I will most likely buy new, but it seems to me that the path of the trunnion travels is dominantly on the top ÂĽ and never goes around. The weight of the car must sit right there, so if there is a little slop it would be at the bottom and perhaps a small amount of play would sit at the bottom and do no harm, but again I guess when I hit something on the road the force would go up. Again it is one of those deals like the rocker bushing where the bushing seems to wear less than the hard steel.
That's actually a common problem when the wear is caused by abrasive dirt in the joint. The particles embed themselves into the softer side, and then abrade the harder surface. (Kind of the way a diamond hone works, with specks of diamond embedded in a soft metal.) However, I've usually found that the bushes in the A-arms were pretty badly worn as well.
Definitely, all the load is on one side, the other side doesn't wear at all. If you think about it, the entire weight of that corner is resting on those two trunnions, and the arm only rotates by a few degrees. The only time the other side of the pin comes into play at all is when the suspension is at full droop against the stop (and you've gone airborne). And even then, it only carries the weight of the wheel, vertical link and brake caliper.

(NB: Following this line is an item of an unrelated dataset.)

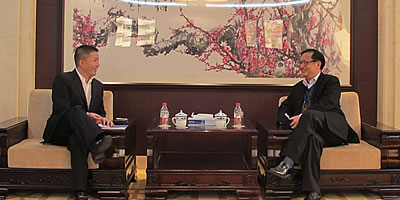 November 11, SIIS President Yang Jiemian met with Ding Jianyong, Chairman of Shanghai Dongchang Group.

Many years ago, I "made do" by having the trunnion pins ground back to nearly round and installing new bushings without reaming them. It worked out well enough; but not something I would recommend to others. The machinist said the pins were too hard to cut in the lathe, they had to be ground. But I wasn't there when he did the work, it was a "friend of a friend" deal.
Another concern is wear in the threads inside the casting. Kind of hard to assess accurately, but those threads are also carrying the entire weight of the car. If they break, the results will not be pleasant.